▶ _PROBLEM REQUIREMENTS_
Using the records below, reproduce exactly the lines from the one containing "次は、円形分水の見学です。笹" through the end, and nothing more; skip the images.

▶ _DATASET ENTRIES_
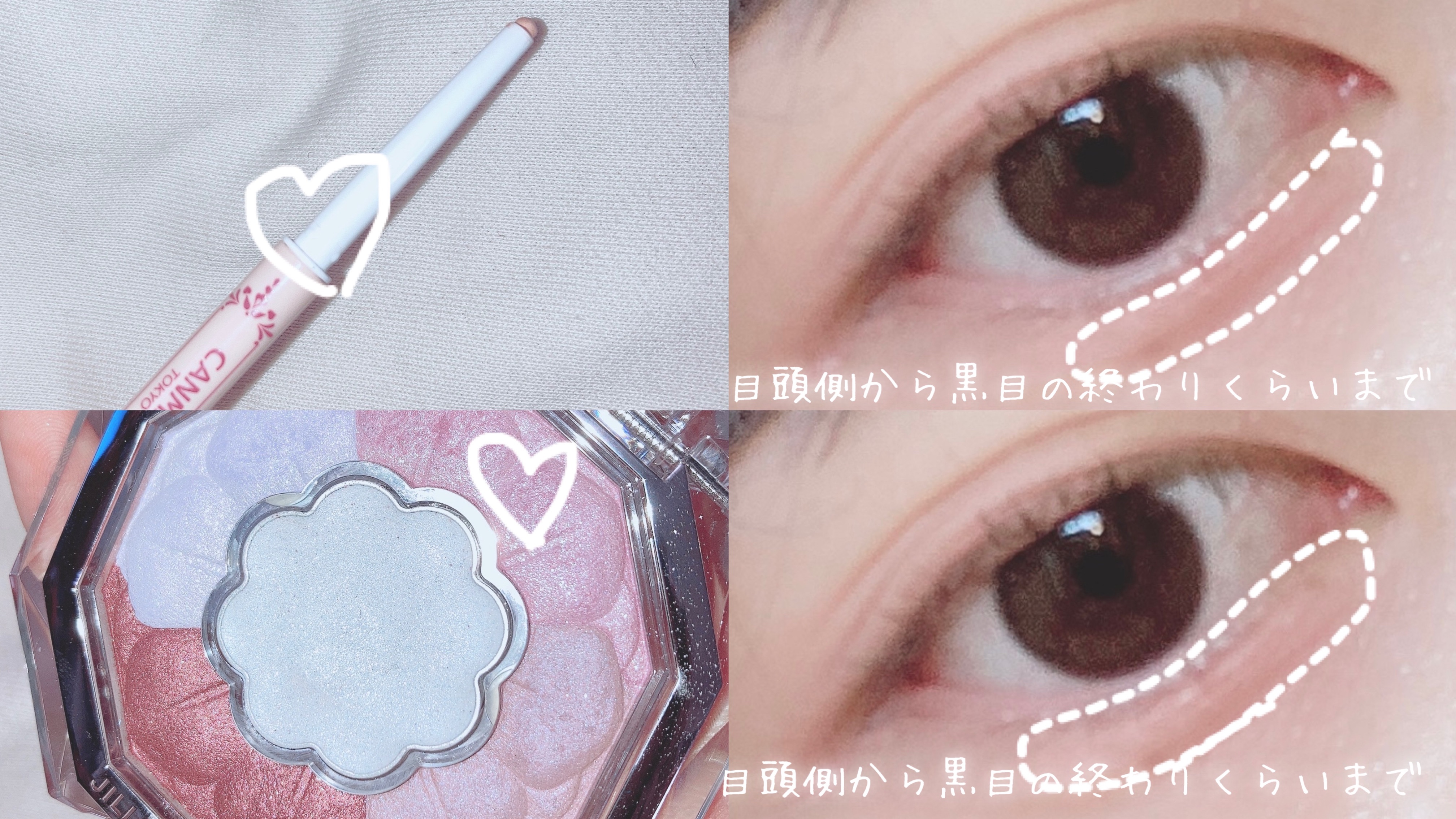 アイシャドウ👀・CLIOプロ アイ パレット01SIMPLY PINK グリッター✨・PERIPERAデュオ ポケット グリッター シャドウ03SALTED SUGARPLUM 涙袋のコンシーラー👧・キャンメイクカラーミキシングコンシーラーオレンジベージュ マスカラ💇♀️・rom&ndハンオールフィックスマスカラL02LONG ASH アイライン✏️・キャンメイククリーミータッチライナーダークブラウン・CEZANNE極細アイライナーEX20ブラウン
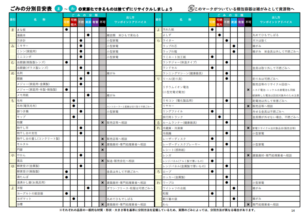 ごみの分別目安表(ま~わ) ごみ 2025.09.192025.09.29 可燃ごみ 資源ごみ 不燃ごみ 可燃粗大ごみ 有害ごみ 町で収集できないごみ 可燃粗大ごみ・有害ごみ・指定場所一覧 可燃ごみと不燃ごみの持ち込み 不燃ごみの変更点 ごみの分別目安表 あ~か か~こ こ~す す~て て~ひ ひ~ま ま~わ 「ごみの出し方」へ戻る
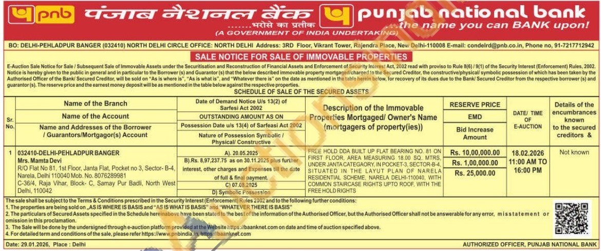 FREE HOLD DDA BUILT UP FLAT BEARING NO. 81 ON FIRST FLOOR AREA MEASURING 18.00 SQ. MTRS.UNDER JANTA CATEGAORY, IN POCKET-3, SECTOR-8-4 SITUATED IN THE LAYUT PLAN OF NARELA
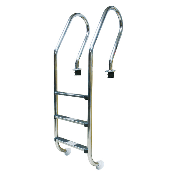 Лестницы для бассейна KUBBER выполнены из полированной нержавеющей стали AISI-304. Они оснащены антискользящими ступенями, которые снижают риск получения травмы при входе или выходе из бассейна. Лестницы крепятся к стене бассейна анкерными болтами и имеют резиновые упоры снизу для надежной фиксации. Они соответствуют международным стандартам качества. Для удобства монтажа во время заливки бортов лестницы оснащены закладными деталями, к которым крепятся зажимные анкеры, входящие в комплект поставки. При установке на уже готовый борт требуются дополнительные крепления.
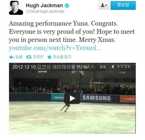 휴 잭맨은 지난 10일 오후(현지시간) 자신의 트위터에 "놀라운 연기였어요 연아! 축하합니다. 모두가 당신을 자랑스러워합니다. 다음에 직접 만날 기회가 있기를 바랍니다. 메리크리스마스 (Amazing performance Yuna. Congrats. Everyone is very proud of you! Hope to meet you in person next time. Merry Xmas)"라는 축하의 메시지와 함께 영상을 게재했다.
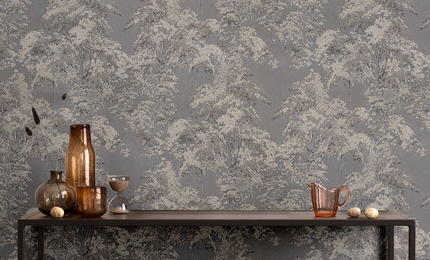 Bosco ТМ Ateliero - коллекция, где рисунок и фактура сливаются в единое художественное полотно. Фактурное полотно с богатой поверхностью визуально напоминает гобелен, но в современном, лёгком исполнении. Деревья словно вплетены в структуру, создавая визуальный рельеф и эффект объёма. На первый взгляд — утончённый монохромный орнамент. Но при ближайшем рассмотрении открываются детали: каждое дерево проработано с живописной точностью, каждый элемент словно нарисован мягкой кистью.
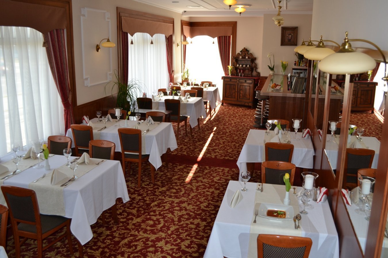 Restauracja Róża Wiatrów to idealne miejsce na kulinarną podróż po daniach kuchni polskiej i regionalnej w atrakcyjnych cenach. Tradycja i kultura kulinarna to ważny element dziedzictwa kulturowego i istotna baza budowania wizerunku i atrakcyjności regionu. Oryginalny smak kuchni podlaskiej wynika ze swoistej mieszanki kultur i różnorodności tradycji kulinarnych skupionych w tym rejonie. Nasi wykwalifikowani kucharze z wieloletnim doświadczeniem dbają o to, aby potrawy przygotowywane były z naturalnych, świeżych produktów lokalnych dostawców, a ich smak i wygląd zadowalał nawet najbardziej wyrafinowane gusta smakoszy. Kulinarną wizytówką naszej restauracji jest Kaczka z burakami, żurawiną i jabłkami, Ozory wołowe, Pierogi z żubra, Flaki wołowe z chipsem kindziuka, Babka ziemniaczana - danie regionalne oraz cieszący się dużym uznaniem Gości, Odymiony lub tradycyjny Tatar wołowy.
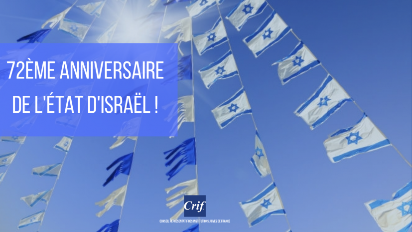 En l’honneur du 72ème anniversaire de l’État d’Israël, le Crif adresse ses meilleurs vœux de paix et de prospérité à l’État et au peuple d’Israël.
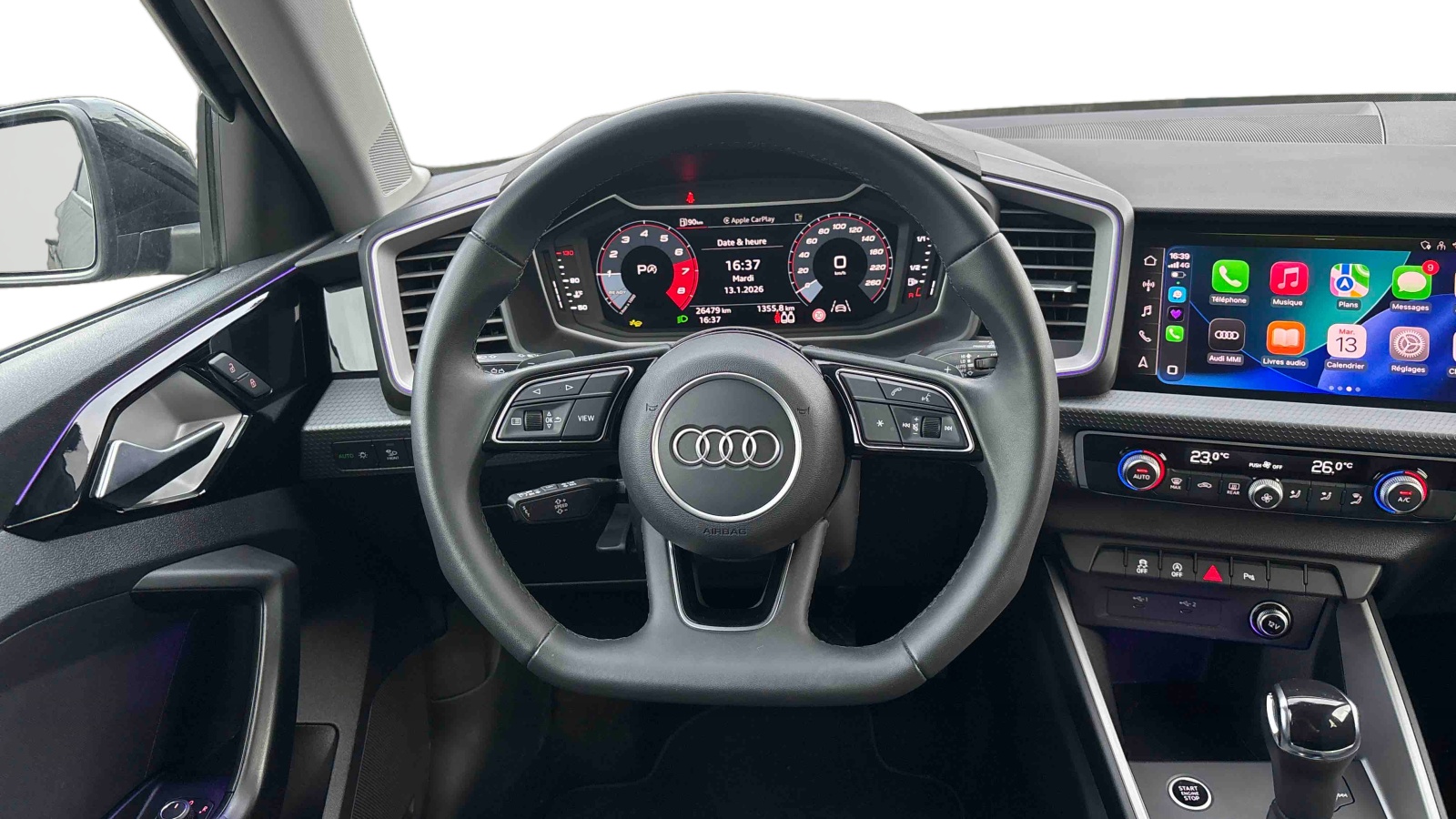 - Volant Sport contour en cuir style 3 branches à méplat avec multifonctions plus et palettes de changement de vitesses
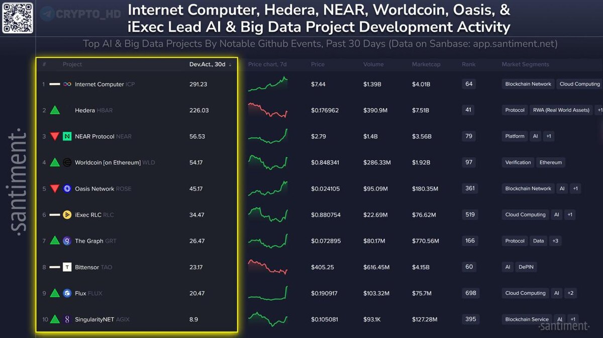 #ончейн #рейтинг #ai 📊 Santiment: ТОП-10 криптопроектов в сферах AI и Big Data по активности разработчиков: 1. Internet Computer #ICP 2. Hedera #HBAR 3. NEAR Protocol #NEAR 4. Worldcoin (на Ethereum) #WLD 5. Oasis Network #ROSE 6. iExec RLC #RLC 7. The Graph #GRT 8. Bittensor #TAO 9. Flux #FLUX 10. SingularityNET #AGIX Ранее: прошлый топ Crypto Headlines
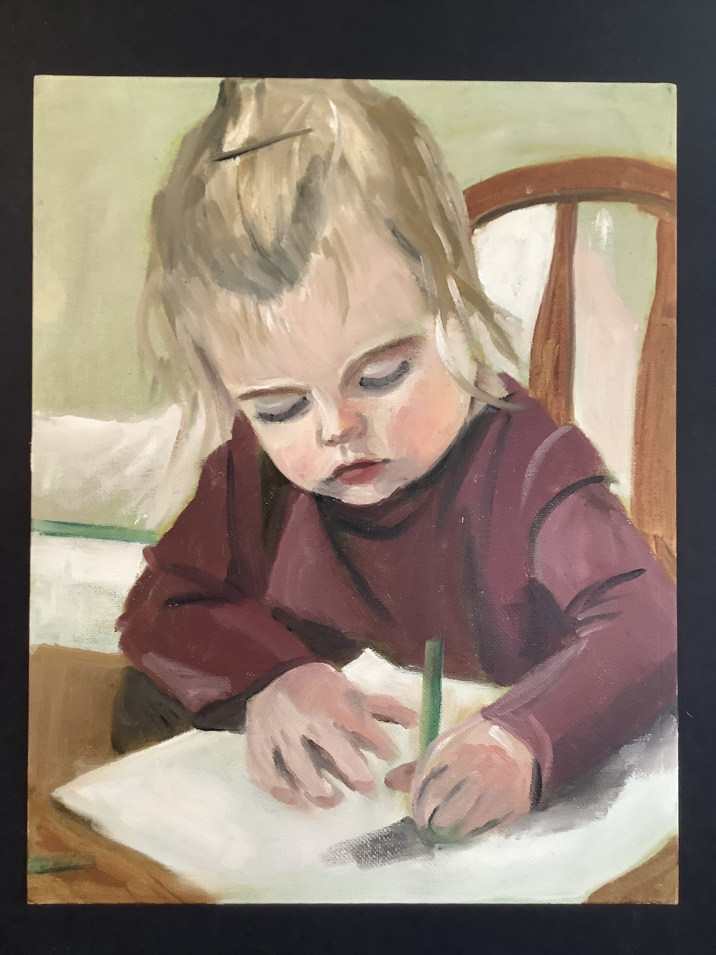My daughter-in-law suggested that I paint something for my son’s birthday and sent me a photo of their youngest daughter to work from. I thought it was a lovely expression, a fun pose and a great background. It came together really well and the result makes us all smile.
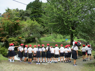 次は、円形分水の見学です。笹原川の水を周辺地区に公平に流れるように造られたものです。みんなのくらしが良くなるようにと、豊かな水を分かち合う地域の人々の思いや願いが伝わりました。
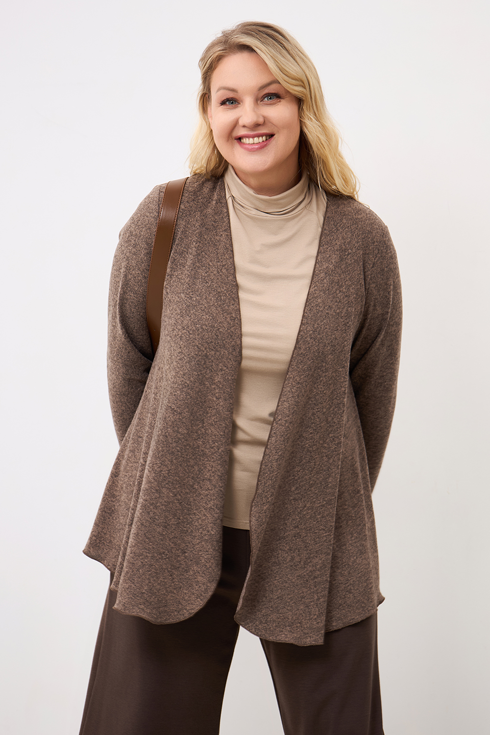 Описание: Кардиган из вязаного трикотажа "кашемир  с драпированными передними деталями без застежки с длинными рукавами.
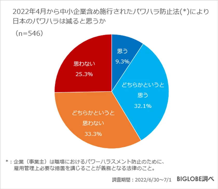 全国の10代(18歳以上)~50代までの有職者の男女546人に、「2022年4月から中小企業含め施行されたパワハラ防止法により日本のパワハラは減ると思うか」と質問したところ、「思う」「どちらかというと思う」をあわせた回答は41.4%であった。
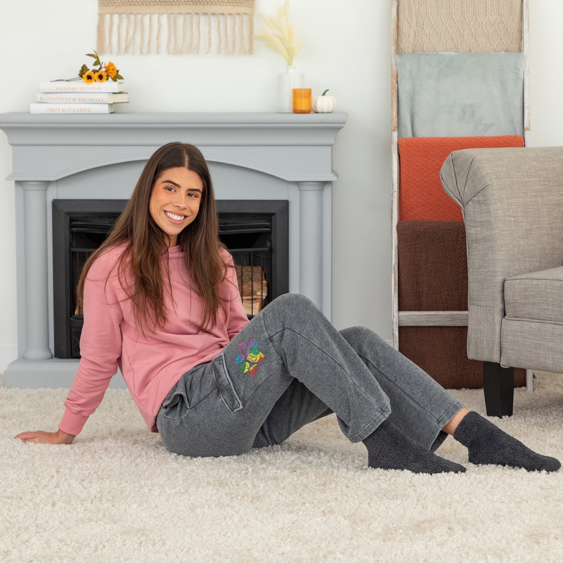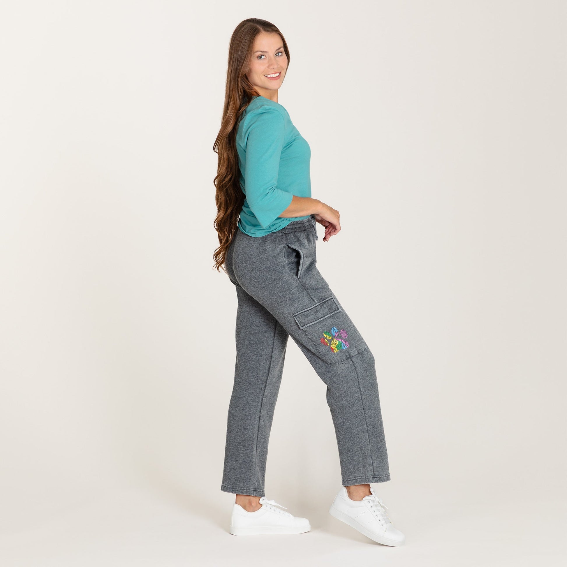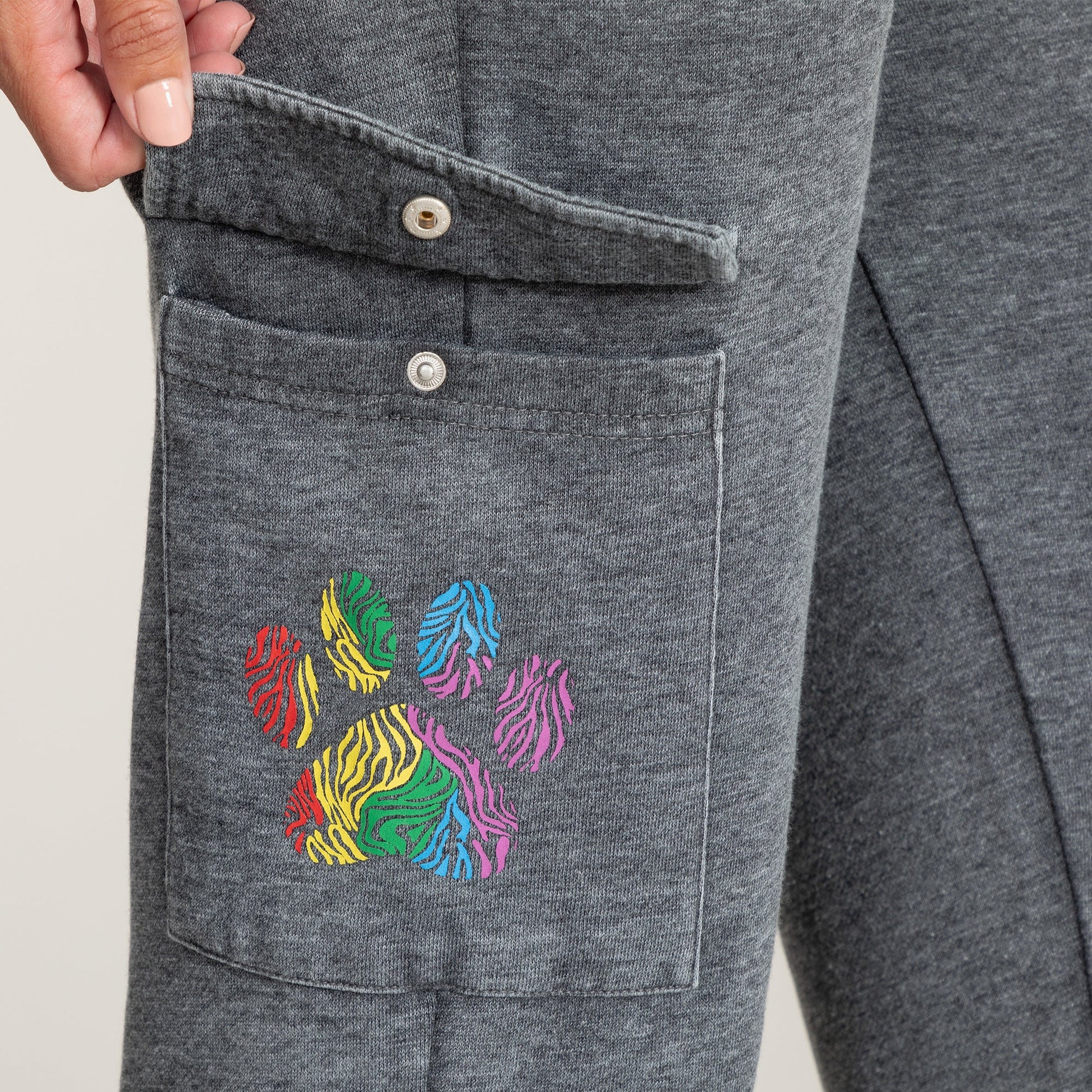 Cute, comfortable, and totally lounge-worthy! Made with a soft cotton blend in a burnout fabric, this lightweight pair flaunts an open leg that isn't constricting at the hems, a comfortable drawstring waist, and pockets. Topped with a rainbow colored zebra print paw on the cargo pocket as a symbol of your animal advocacy!
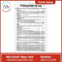 Tờ hướng dẫn sử dụng thuốc Fexophar 60mg. Tải về tại đây.

▶ _YOUR RESPONSE_
 次は、円形分水の見学です。笹原川の水を周辺地区に公平に流れるように造られたものです。みんなのくらしが良くなるようにと、豊かな水を分かち合う地域の人々の思いや願いが伝わりました。
 Описание: Кардиган из вязаного трикотажа "кашемир  с драпированными передними деталями без застежки с длинными рукавами.
 全国の10代(18歳以上)~50代までの有職者の男女546人に、「2022年4月から中小企業含め施行されたパワハラ防止法により日本のパワハラは減ると思うか」と質問したところ、「思う」「どちらかというと思う」をあわせた回答は41.4%であった。
 Cute, comfortable, and totally lounge-worthy! Made with a soft cotton blend in a burnout fabric, this lightweight pair flaunts an open leg that isn't constricting at the hems, a comfortable drawstring waist, and pockets. Topped with a rainbow colored zebra print paw on the cargo pocket as a symbol of your animal advocacy!
 Tờ hướng dẫn sử dụng thuốc Fexophar 60mg. Tải về tại đây.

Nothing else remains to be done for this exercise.